An allegedly unjust house of cards built by the Bush administration and the U.S. Department of Justice, detailed in a Jackson Free Press cover story last week, seems to be starting to fall as a congressional investigation of possible selective political prosecutions starts to heat up, leaving Republican appointees, including Mississippi's U.S. Attorney Dunn Lampton, in the glare of public scrutiny.
As reported last week, the DOJ had just filed a motion with the 11th U.S. Circuit Court of Appeals asking that their earlier appeals of former Alabama Gov. Don Siegelman's sentences be dropped. Prosecutors, at the time of Siegelman's conviction, had appealed for a 30-year prison sentence for Siegelman. After that story went to press, federal prosecutors last week also dropped their earlier appeal for a 25-year prison sentence for former HealthSouth CEO Richard Scrushy, who was handed more than six years in prison as part of the Siegelman prosecution.
In 2006, a jury convicted Siegelman of bribery and other charges for appointing Scrushy to the Alabama hospital Certificate of Need Board, in exchange for Scrushy arranging $500,000 in donations to Siegelman's state-lottery campaign. Prosecutors did not have to show proof of quid pro quo in their case, however, similar to the federal case against Mississippi attorney Paul Minor and Judges Wes Teel and John Whitfield.
Minor has joined Mississippi Supreme Court Justice Oliver Diaz and Siegelman in accusing former White House adviser Karl Rove of using the DOJ to target Democrats. In March, that allegation held enough water for the 11th U.S. Circuit Court of Appeals in Alabama to grant Siegelman his request for bond pending an appeal, delaying his seven-year sentence.
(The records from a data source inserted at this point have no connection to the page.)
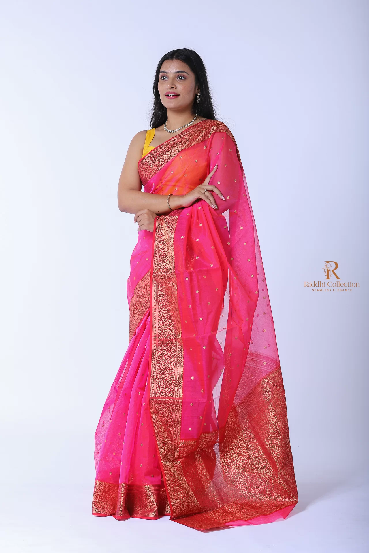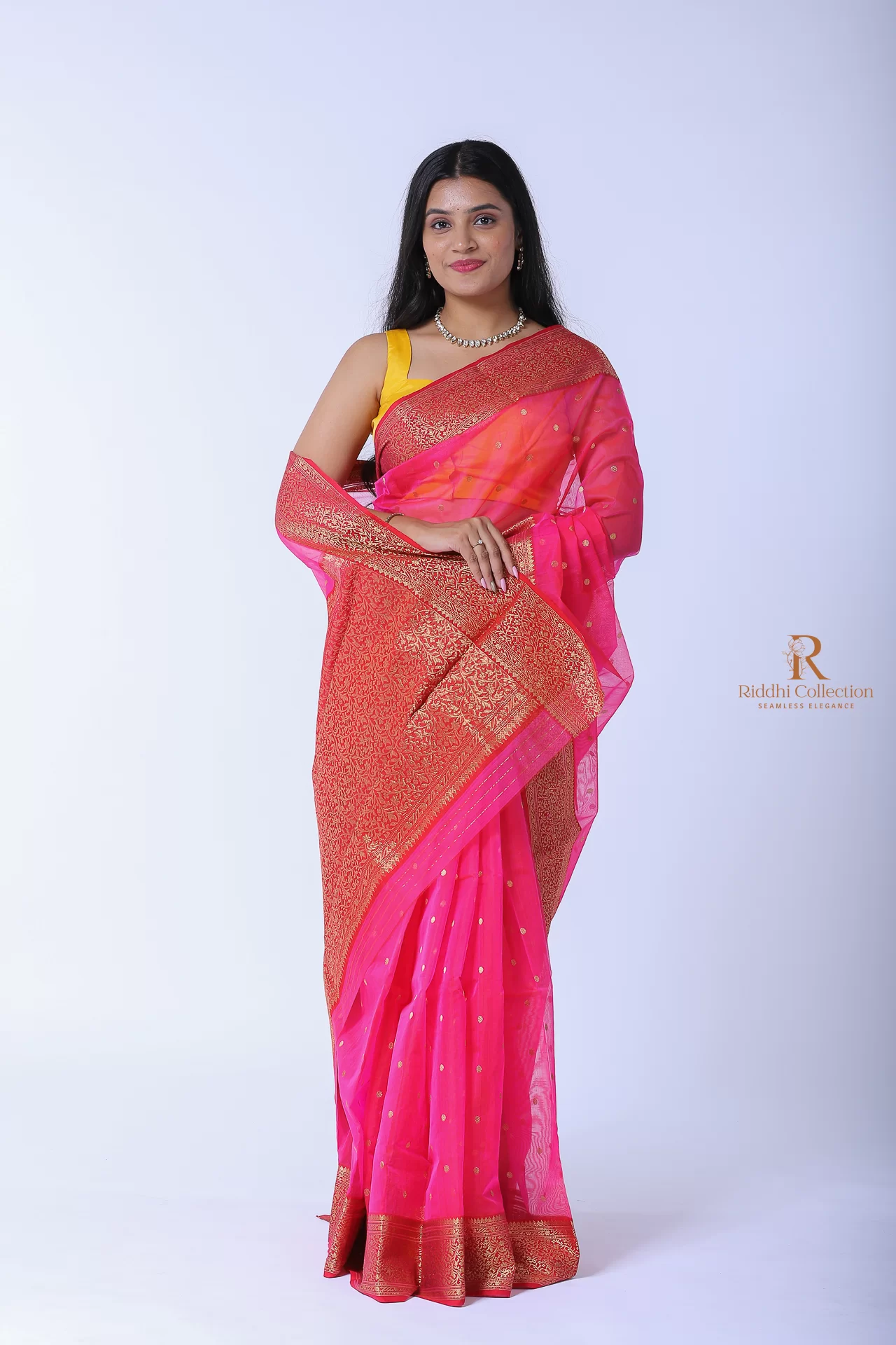 From luxurious silk sarees to versatile cotton drapes, and from designer blouses to custom dress materials, our collection caters to every taste and occasion. No matter your style, you’ll find something to love at Riddhi Collection.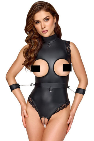 Captivating and crotchless! Sleeveless crotchless body from Cottelli BONDAGE with a removable restraint belt. Made out of smooth & stretchy black matte look material with lace decoration around the arm and leg holes. With silver-coloured accessories. It has a large stand-up collar with a restraint ring at the front. The body also has seductive open cups (cut-outs) and a removable, stimulating chain over the open crotch area. With a long, carefully integrated, 2-way zip at the back. The included arm restraints with their snap hooks chains can be hooked onto the restraint rings on the belt. The belt and the soft restraints can be put on and taken off quickly because of their adjustable hook and loop fasteners.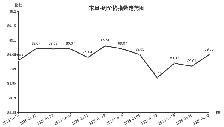 本周,家具类周价格指数收于89.05点,环比上涨0.04点。从盘面看,二级分类中坐具类、床及用品类、柜类分别上涨0.10、0.04、0.03点;桌类下跌0.04点;其他类与上周持平。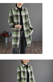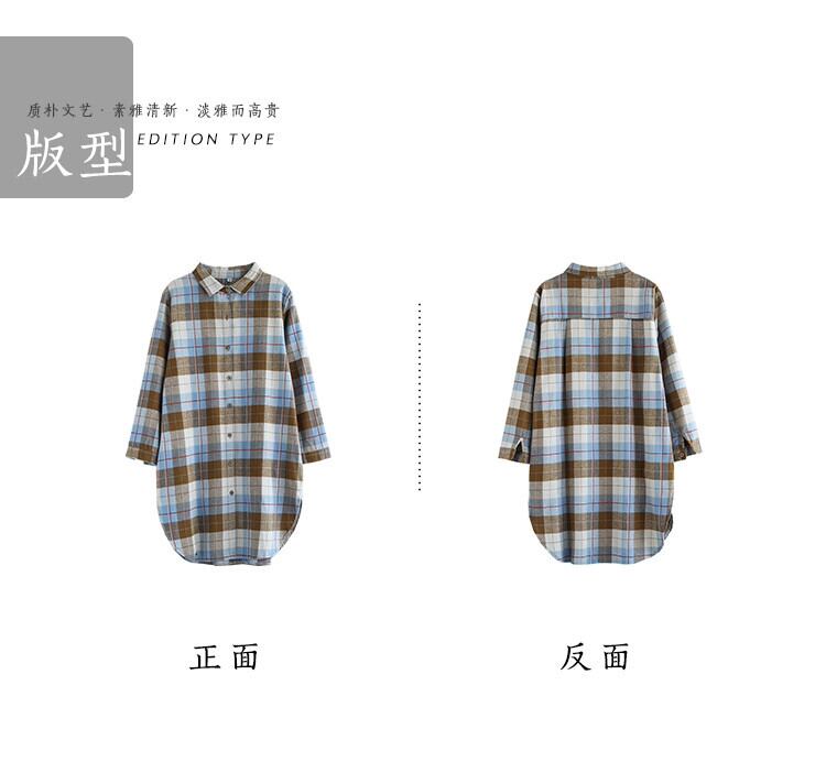 eign trade ese ビッグネームカウンターグッズレディース起毛長袖チェック柄シャツルーズレトロミッドレングスリネントップ ロング sine26627380361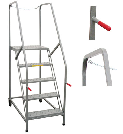 The mobile maintenance platform is a strong tilt and roll style ladder. The top railing is fortified to allow a removable safety chain for workers to climb to other areas. These were originally intended for accessing the backs of freight trucks, but our customers have found a plethora of uses.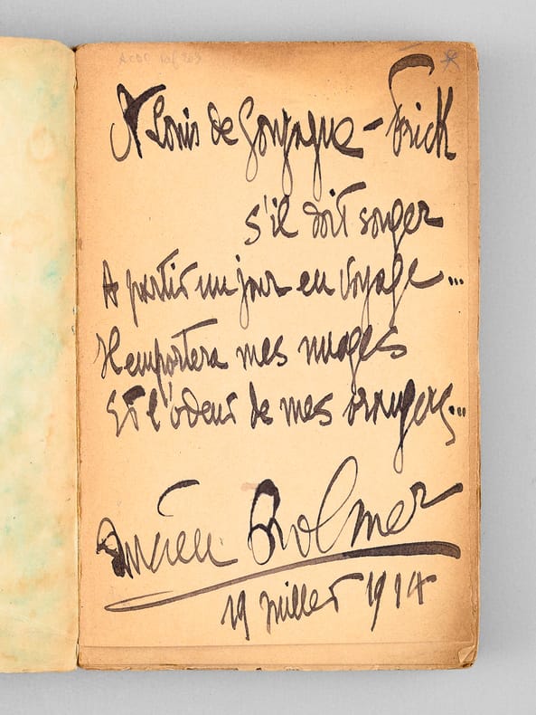 Etat très satisfaisant (couv. frottée, bon état par ailleurs pour cet exemplaire qui mériterait une reliure) pour ce roman. Exemplaire avec un étonnant envoi de l'auteur à Louis de Gonzague-Frick : "A Louis de Gonzague-Frick. S'il doit songer à partir un jour en voyage... il emportera mes nuages et l'odeur de mes orages... 19 juillet 1914. Cette dédicace prend une tonalité tragique quand on considère sa date, qui précède de peu le déclenchement de la Première Guerre Mondiale. Lucien Rolmer y perdra la vie (en 1916, à Verdun). Le dédicataire quant à lui, le poète Louis de Gonzague Frick (1883-1958), survivra au conflit.

The House Judiciary Committee is currently investigating the allegations, but as the investigation continueswith Rove ducking congressional subpoenassome of the cases alleged to be the results of the misuse of the justice system are unraveling under scrutiny.
Siegelman alleges that the prosecution's case is racked by conflict-of-interest issues. Alabama U.S. attorneys prosecuting his case, including Leura Canary, had connections with his political opponents, and unleashed a string of indictments as juries repeatedly found Siegelman not guilty.
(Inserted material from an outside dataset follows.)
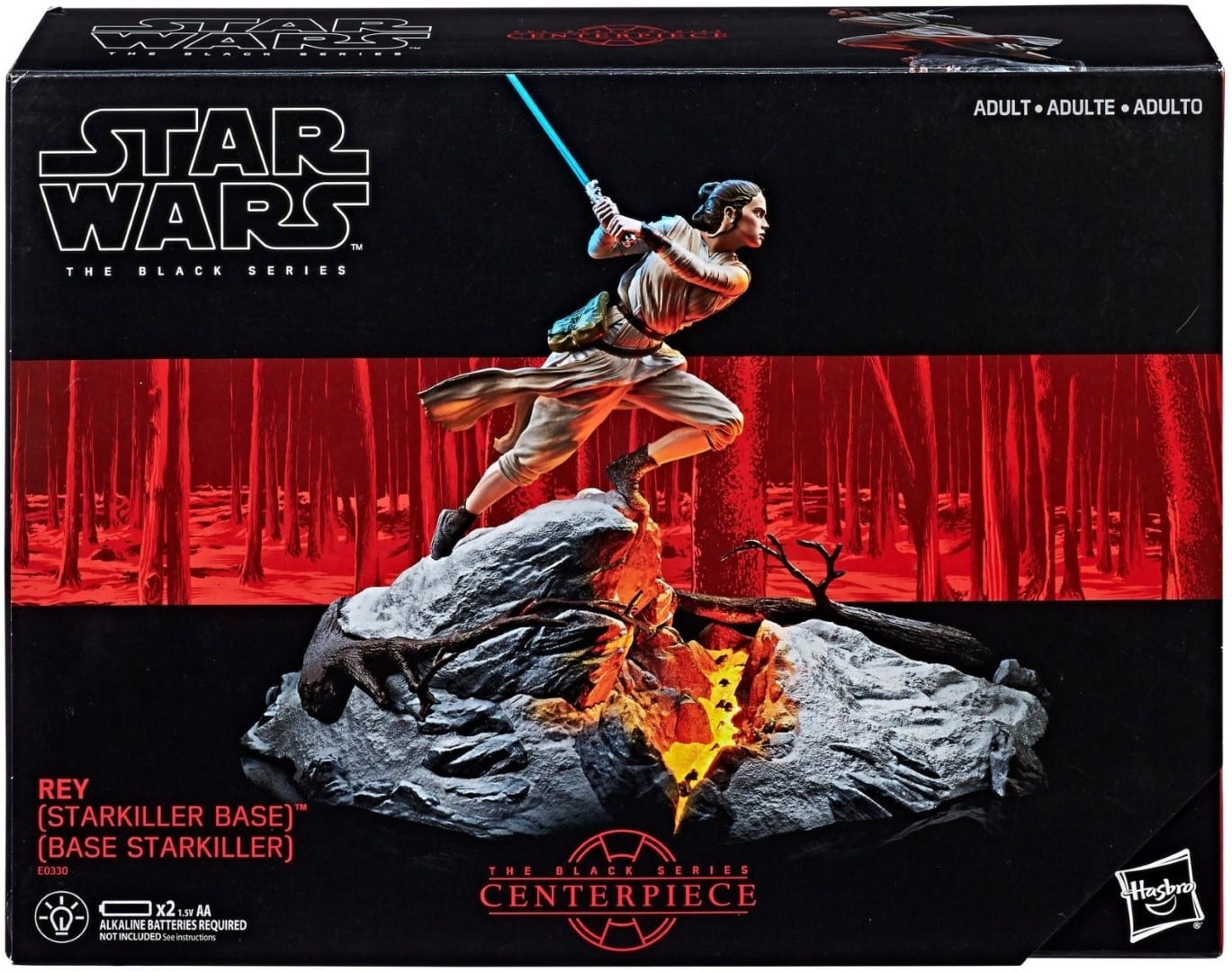 Imagine Rey battling Kylo Ren in the icy forests of Starkiller Base in Star Wars: The Force Awakens with this Star Wars The Black Series Centerpiece Rey (Starkiller), featuring Rey wielding her iconic lightsaber. With a premium base featuring lights that invite building out the iconic scene with more figures, vehicles, and accessories, Star Wars The Black Series Centerpiece Rey (Starkiller Base) truly serves as the centerpiece of any fans treasured display.

Prosecutors did not explain why they dropped their appeal for a 30-year sentence in their filing, though Siegelman's lawyer, Vince Kilborn, said Congress' investigation may have something to do with it.
"The government is getting real nervous over the overreaching position the prosecutors took at trial. Asking for 30 years is making them look vindictive. ... The average sentence for murder in Alabama is about less than 20 years. ... [T]his case is the national poster child for injustice, so they are trying to put lipstick on the pig," Kilborn told the JFP.
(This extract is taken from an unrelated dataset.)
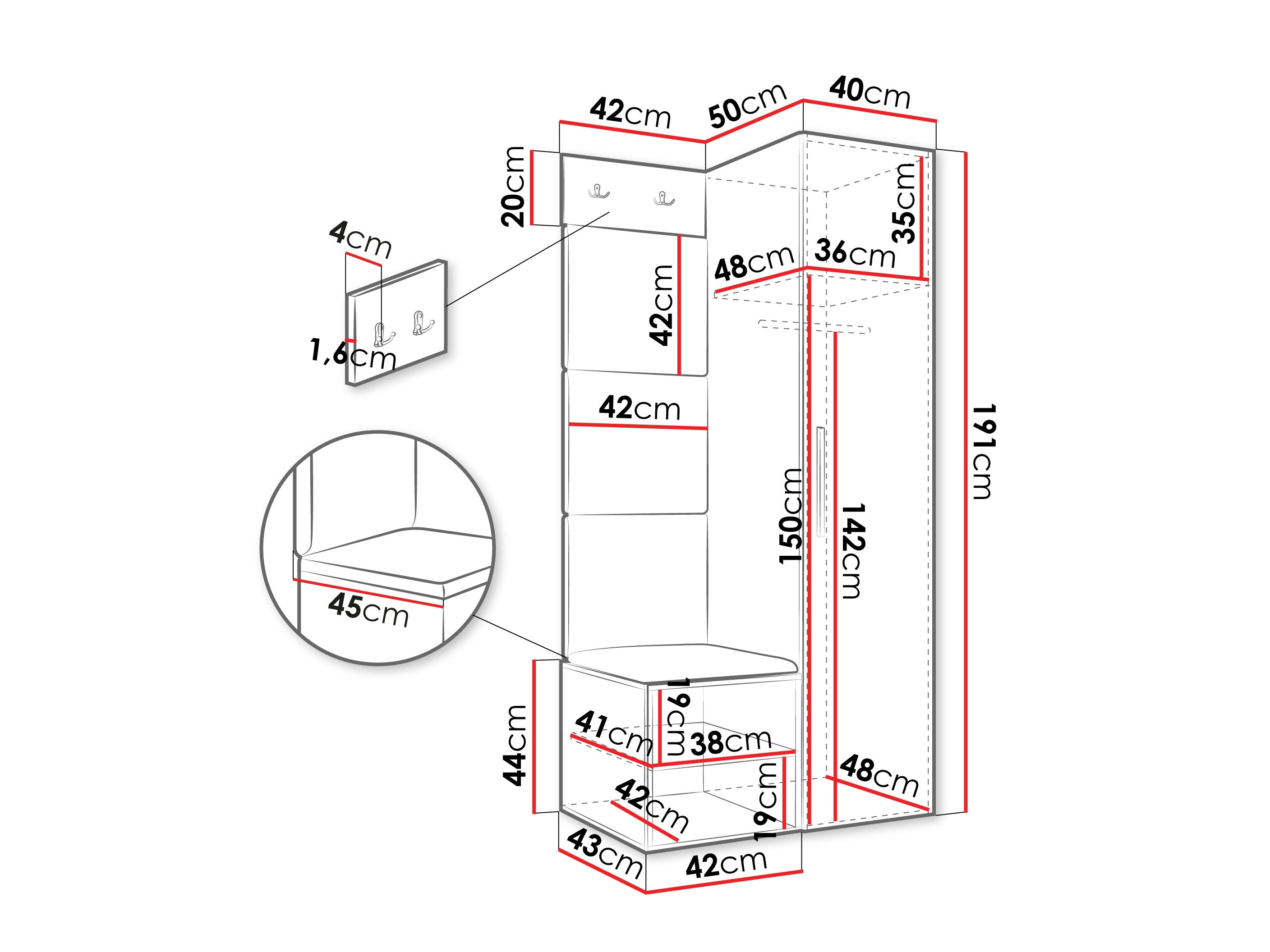 Dimenzije ormarića za cipele:

The DOJ's Office of Professional Responsibility told the House Judiciary Committee May 5 that it would investigate suspicions of abuse by the DOJ. Raw Story (rawstory.com) reported last week that OPR is concentrating some of its energy upon Canary, and Mississippi U.S. Attorney Dunnica Lampton, who unveiled the cases against Minor, Diaz, Teel and Whitfield. Their offices, according to Raw Story's sources, are also being probed.
Additionally, Raw Story reported that anonymous sources connected to the OPR investigation claim Lampton is alleged to have shared the confidential income tax returns of a prosecution target with "non-authorized" individuals, possibly turning the investigation against Lampton into a criminal investigation. Lampton did not returns calls for comment.
Diaz, who fought off a tax-evasion indictment by Lampton soon after he failed to prosecute Diaz for corruption, told the JFP that he had no knowledge of his tax information being shared with un-authorized people, and could not confirm if he was the victim in question. "I can't say I've been told anything about that investigation at this point," Diaz said.
The tide may also be turning in other states. Last week, a Michigan jury acquitted Southfield attorney Geoffrey Fieger and attorney Ven Johnson of making illegal campaign contributionsagain a popular charge of the U.S. Department of Justice during Rove's tenure. Both of the Michigan attorneys were accused of contributing more than $100,000 in political donations to the 2004 campaign of Presidential hopeful John Edwards.
Fieger, a Democrat who ran for governor of Michigan in 1998, has publicly stated that he believed his own prosecution was a deliberate political attack under the direction of the White House.
"I hope this will put an end to political prosecutions in the age of Mr. Bush," Fieger told reporters last week after the jury found him not guilty.